▶ **Try it**:
No pictures go into the copy. Write out exactly the lines below from the one containing "The Suncorp Resilient" through the one containing "Questa nostra tipologia".

▶ **Data provided**:
################
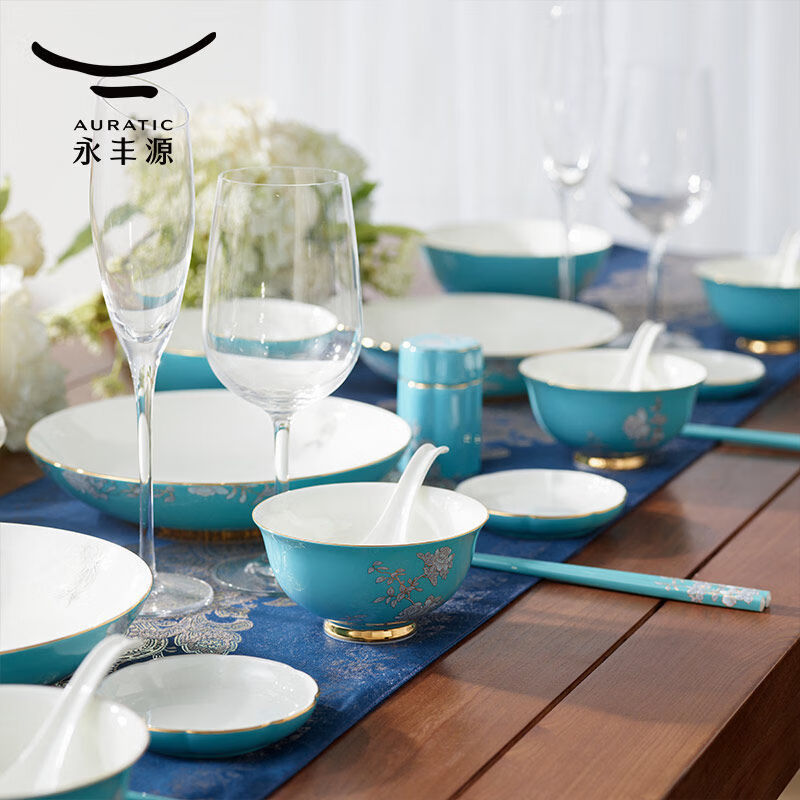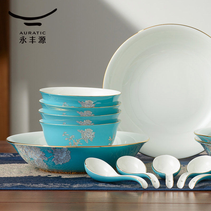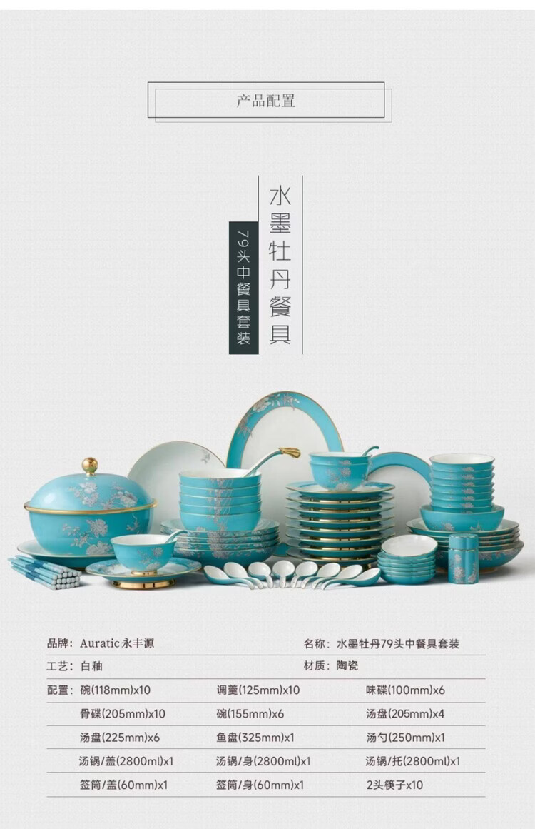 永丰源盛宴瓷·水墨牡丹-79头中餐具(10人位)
################
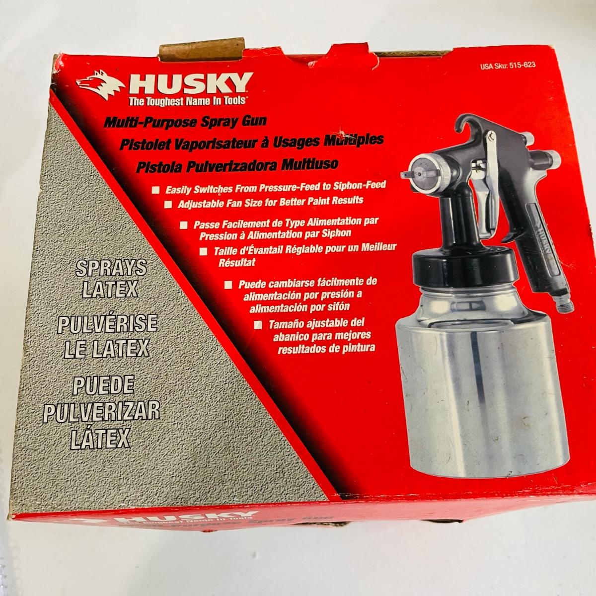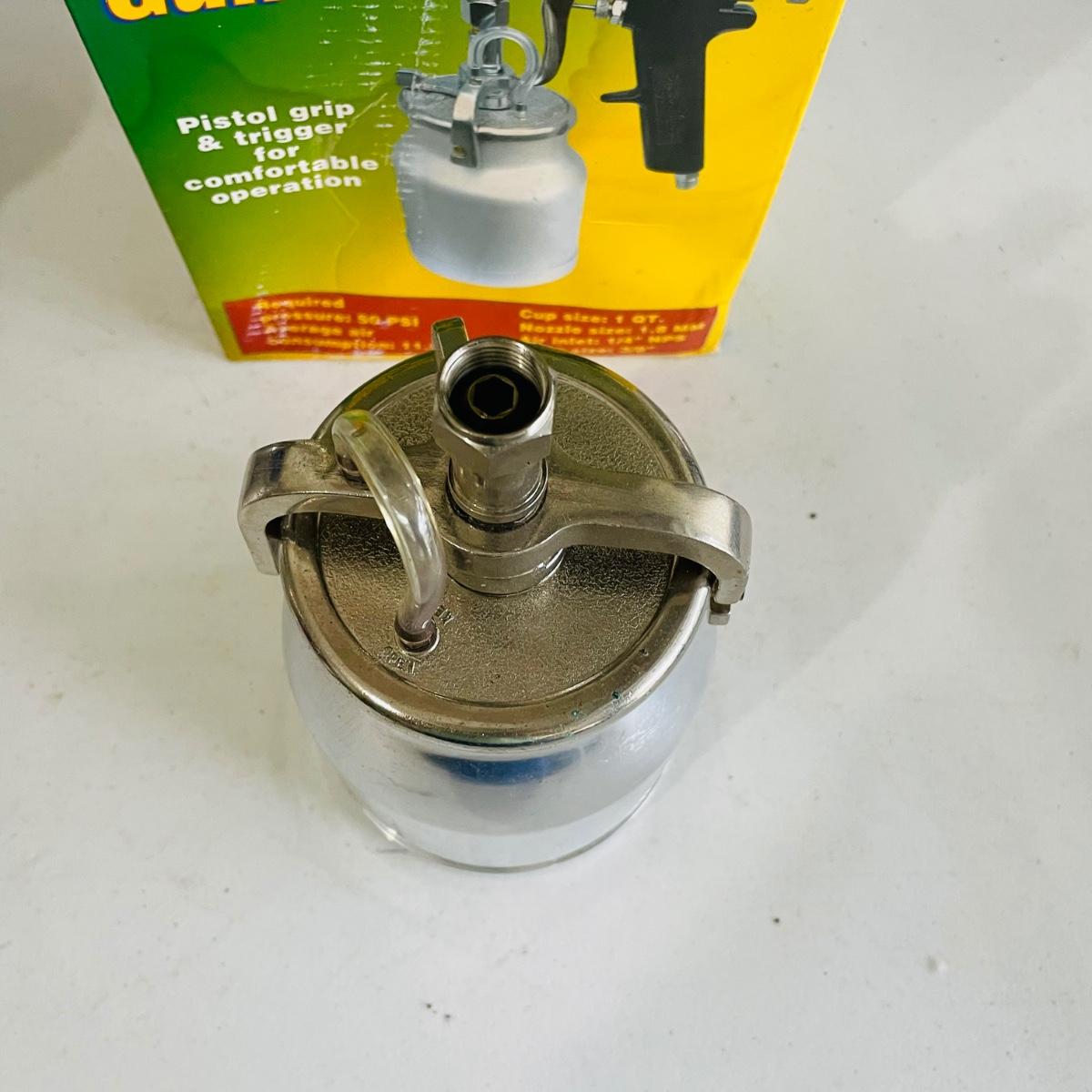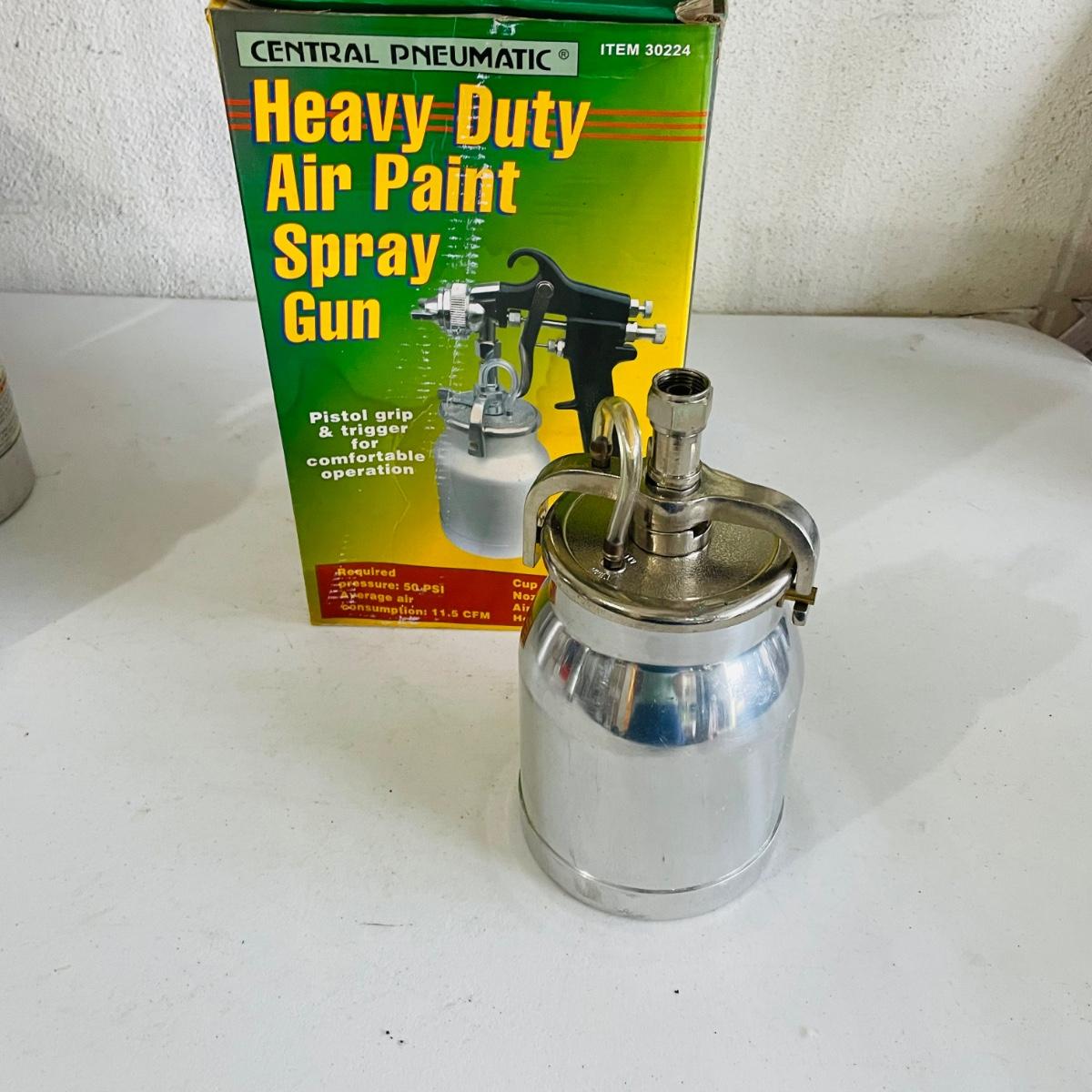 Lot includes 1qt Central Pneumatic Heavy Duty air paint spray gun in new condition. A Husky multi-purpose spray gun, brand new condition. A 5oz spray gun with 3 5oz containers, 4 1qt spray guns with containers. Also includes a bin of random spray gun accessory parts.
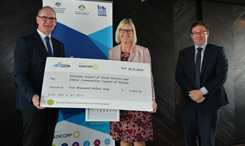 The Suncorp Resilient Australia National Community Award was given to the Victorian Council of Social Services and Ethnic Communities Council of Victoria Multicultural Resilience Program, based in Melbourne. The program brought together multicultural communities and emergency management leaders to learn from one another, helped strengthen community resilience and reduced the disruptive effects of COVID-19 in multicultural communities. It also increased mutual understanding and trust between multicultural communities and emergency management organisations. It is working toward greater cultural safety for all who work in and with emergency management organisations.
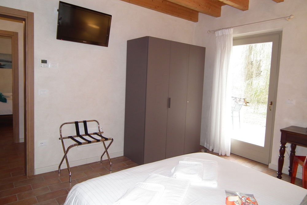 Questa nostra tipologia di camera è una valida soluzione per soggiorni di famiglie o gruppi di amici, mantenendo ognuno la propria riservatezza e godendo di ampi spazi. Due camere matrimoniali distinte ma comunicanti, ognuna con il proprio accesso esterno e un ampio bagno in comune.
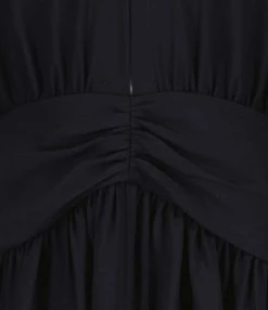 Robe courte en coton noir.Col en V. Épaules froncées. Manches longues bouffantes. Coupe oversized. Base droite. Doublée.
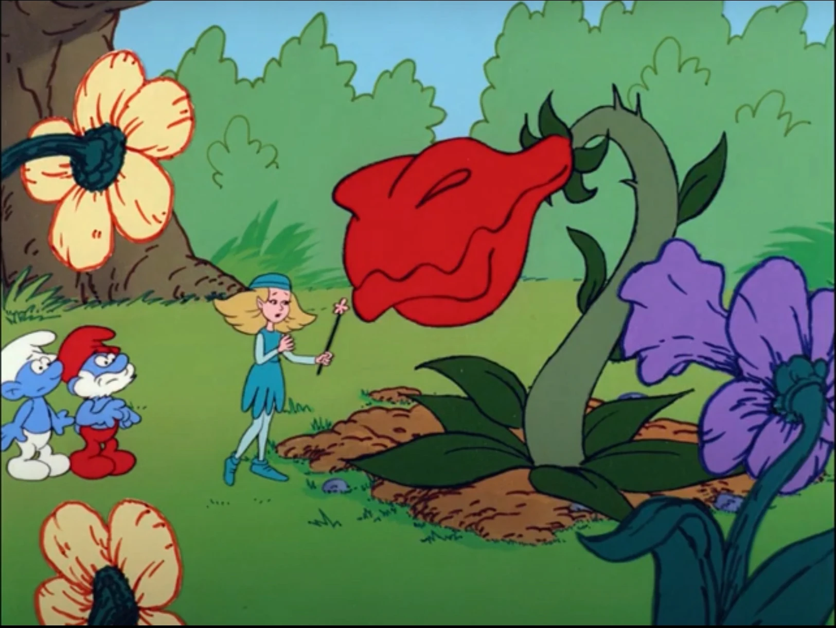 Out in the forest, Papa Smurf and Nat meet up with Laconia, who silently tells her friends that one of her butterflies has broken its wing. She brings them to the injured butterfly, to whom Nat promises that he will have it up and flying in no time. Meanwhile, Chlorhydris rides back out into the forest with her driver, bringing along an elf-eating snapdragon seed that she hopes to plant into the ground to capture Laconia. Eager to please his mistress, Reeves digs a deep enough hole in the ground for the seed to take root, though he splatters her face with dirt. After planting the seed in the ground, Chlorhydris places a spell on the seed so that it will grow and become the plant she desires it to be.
################
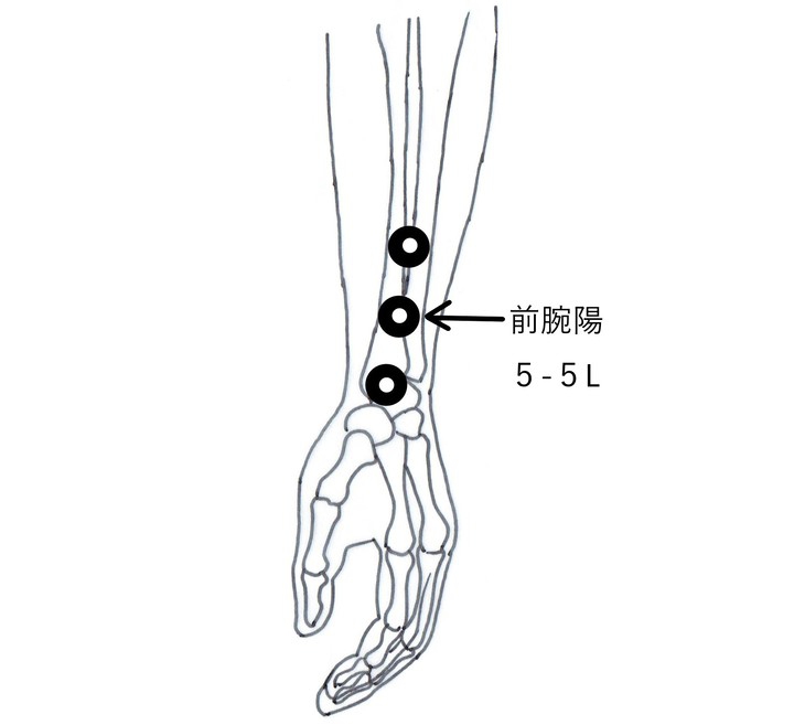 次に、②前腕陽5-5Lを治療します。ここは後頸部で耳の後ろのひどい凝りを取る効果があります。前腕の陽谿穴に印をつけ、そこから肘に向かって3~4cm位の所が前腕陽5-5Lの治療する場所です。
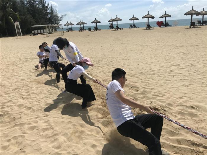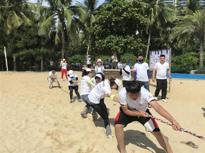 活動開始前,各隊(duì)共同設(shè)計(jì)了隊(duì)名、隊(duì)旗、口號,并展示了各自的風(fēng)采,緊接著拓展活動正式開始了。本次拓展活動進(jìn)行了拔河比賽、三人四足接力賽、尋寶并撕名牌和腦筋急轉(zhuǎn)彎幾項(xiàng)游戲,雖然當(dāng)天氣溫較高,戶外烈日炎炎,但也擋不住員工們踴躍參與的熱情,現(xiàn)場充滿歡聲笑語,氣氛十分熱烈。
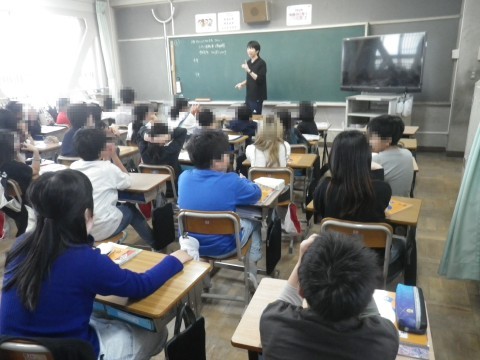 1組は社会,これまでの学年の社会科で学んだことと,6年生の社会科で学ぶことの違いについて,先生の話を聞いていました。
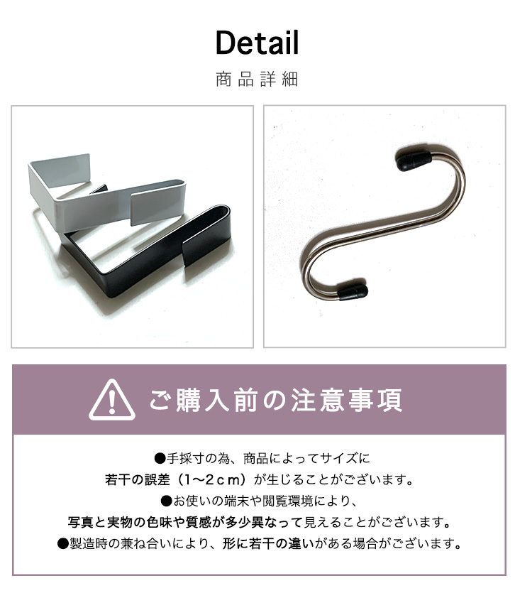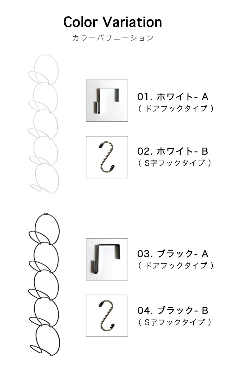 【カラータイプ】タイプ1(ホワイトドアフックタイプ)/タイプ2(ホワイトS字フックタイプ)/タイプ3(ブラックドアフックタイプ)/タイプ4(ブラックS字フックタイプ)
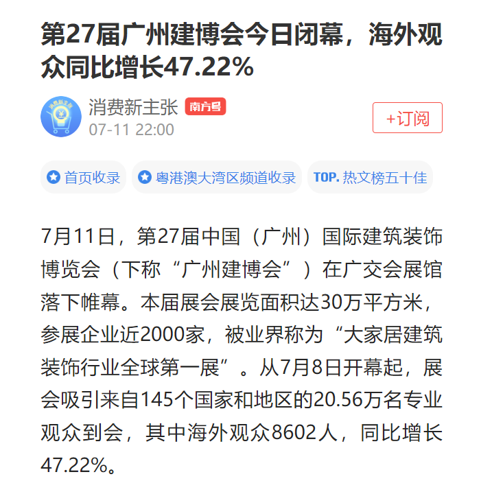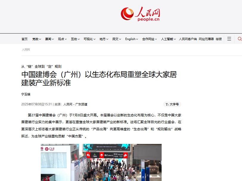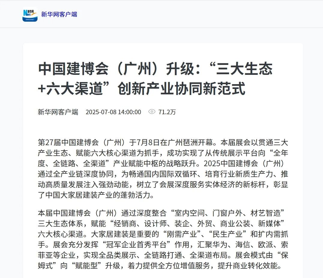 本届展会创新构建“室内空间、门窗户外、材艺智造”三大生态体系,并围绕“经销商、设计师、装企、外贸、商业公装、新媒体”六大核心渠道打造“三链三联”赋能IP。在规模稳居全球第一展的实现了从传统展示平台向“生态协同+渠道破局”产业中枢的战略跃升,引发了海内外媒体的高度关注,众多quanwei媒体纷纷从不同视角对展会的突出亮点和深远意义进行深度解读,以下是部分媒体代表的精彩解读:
################
▶ **Reply to the exercise**:
 The Suncorp Resilient Australia National Community Award was given to the Victorian Council of Social Services and Ethnic Communities Council of Victoria Multicultural Resilience Program, based in Melbourne. The program brought together multicultural communities and emergency management leaders to learn from one another, helped strengthen community resilience and reduced the disruptive effects of COVID-19 in multicultural communities. It also increased mutual understanding and trust between multicultural communities and emergency management organisations. It is working toward greater cultural safety for all who work in and with emergency management organisations.
 Questa nostra tipologia di camera è una valida soluzione per soggiorni di famiglie o gruppi di amici, mantenendo ognuno la propria riservatezza e godendo di ampi spazi. Due camere matrimoniali distinte ma comunicanti, ognuna con il proprio accesso esterno e un ampio bagno in comune.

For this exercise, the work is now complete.